This week was quite busy for the RNAi Therapeutics space with important corporate developments for CytRx/RXi (succesful spin-out/IPO), Nastech/mdRNA (announcements of patents filings and scientific advisory board), Silence Therapeutics (extension of AstraZeneca collaboration to Atuplex delivery), and Arrowhead Research/Calando (filing of first cancer IND). I hope to provide a wrap-up soon, but as I am contemplating the further developments in delivering RNAi to the liver, I would like to use the clinical development of liposomal RNAi as a case example of how one might think about development timelines for RNAi Therapeutics in general. While this discussion focuses on SNALP/liposomal-siRNAs just because it is an area that I am following more closely than others, it can easily be translated to for example to PEIs and delivery to the lung, or for that matter AAV/lentivirus and delivery to the brain.

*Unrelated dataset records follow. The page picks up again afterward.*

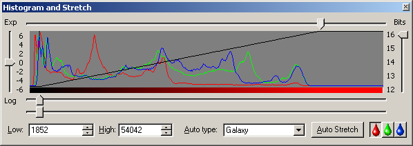 Histogram and Stretch tool shows individual histograms
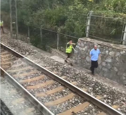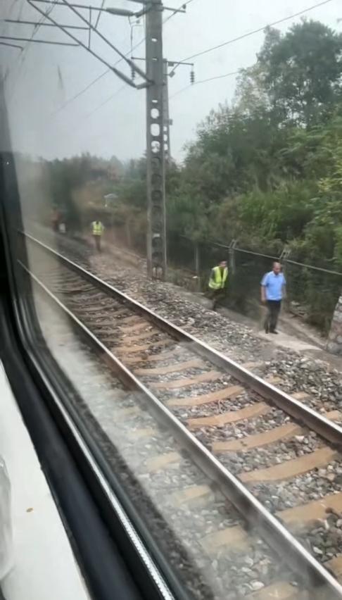 现场视频显示,列车临时停车后,通过车窗玻璃,可以看到至少4名铁路工作人员顺着一侧的轨道去查看现场。事发路段附近有铁网围住,铁网外侧就是灌木丛。
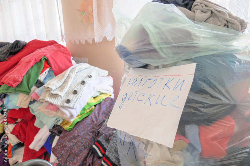 Things for children who fled from the war. The inscription on the sheet - children's tights
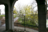 I returned to the path, and followed it to its end, where a chain link fence blocked any further advance. Looking back from here I could see the viewing platform I was taking pictures from before, and the falls. The concrete of the bridge above me seemed to form a chamber in a cathedral.

RNAi Therapeutics are thought to speed up drug development, because once a target is identified, finding an appropriate siRNA should be a straight-forward process. However, it is clear that right now developing ways to get the RNAi triggers into the cells is the rate-limiting factor, meaning that the benefits of rapid drug development won’t necessarily all be realized for a good fraction of the first crop of RNAi Therapeutics. In order to assure that the next batch may more readily move through development, it will therefore be important to establish a number of predictable delivery technologies for the different target tissues. Once such a delivery system has been identified for a given tissue, virtually any gene of interest could be targeted in a manner that reduces development risk mainly to target risk (should be quite low given the virtually unlimited target space of RNAi) and safety profile of the particular RNAi trigger (particularly due to the less predictable off-targeting effect).

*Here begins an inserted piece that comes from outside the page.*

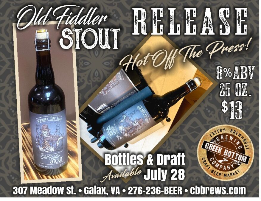 In honor of the Old Fiddler’s Convention, Creek Bottom Brewing is releasing a new brew! Old Fiddler Stout will make it’s appearance on Thursday, July 28. This deliciousness will be available in 25 oz. bottles for $13 and on draft at the restaurant. Enjoy notes of freshly-brewed java, light oak and bourbon in this medium-bodied stout.

The question for Alnylam now is whether to choose liver cancer or hypercholesterolemia as the indication for their first SNALP/lipidoid-RNAi IND. Assuming that they feel quite confident with the gene targets and that they intend to use the same delivery formulation since the target tissue is fairly similar (normal versus tumour liver tissue), why choose one over the other? As we know, safety and finding a SNALP/lipidoid formulation with a good therapeutic index is as much of a concern as is efficacy. One could argue that starting with liver cancer may be a less risky business decision since the length of dosing and nature of the disease should be more forgiving in terms of the tolerated safety profile. By contrast, to derive a cardiovascular benefit through cholesterol lowering requires long-term chronic treatment which is why tolerability is so important for this indication. On the other hand, the PCSK9 program would provide a host of information as to the efficacy of this novel delivery system. Circulating PCSK9 levels could be readily measured and this information be used to adjust dosing strategies not only for the late-stage development of this particular program, but also all the other programs, including liver cancer, making use of the same delivery system.
I can imagine that the decision won’t be an easy one to make, but with improvements in the therapeutic index of SNALP-RNAi, the PCSK9 program becomes relatively more attractive. If successful, it should be possible to realize the anticipated advantages of RNAi Therapeutics in terms of increased development speed. Although true for drug development in general, from a technology and business development point-of-view it is therefore particularly important for the field of RNAi Therapeutics that its early clinical candidates, using unproven delivery systems, target genes where proof-of-concept can be established at an early stage.
3 comments:
I would like to thank you for your blog and I wanted to let you know I follow it closely.
I'm a CLL patient watching and waiting while my WBC rises slowly.
Do you have any gut feeling about how long it will be before RNAi are used on CLL B-cells since our genetic markers are well known. (11q deletion, 17p deletion being the worst)
I don't expect a cure, but it would be nice to be able to shut down the "false signals" and perhaps induce apoptosis in malignant B-cells.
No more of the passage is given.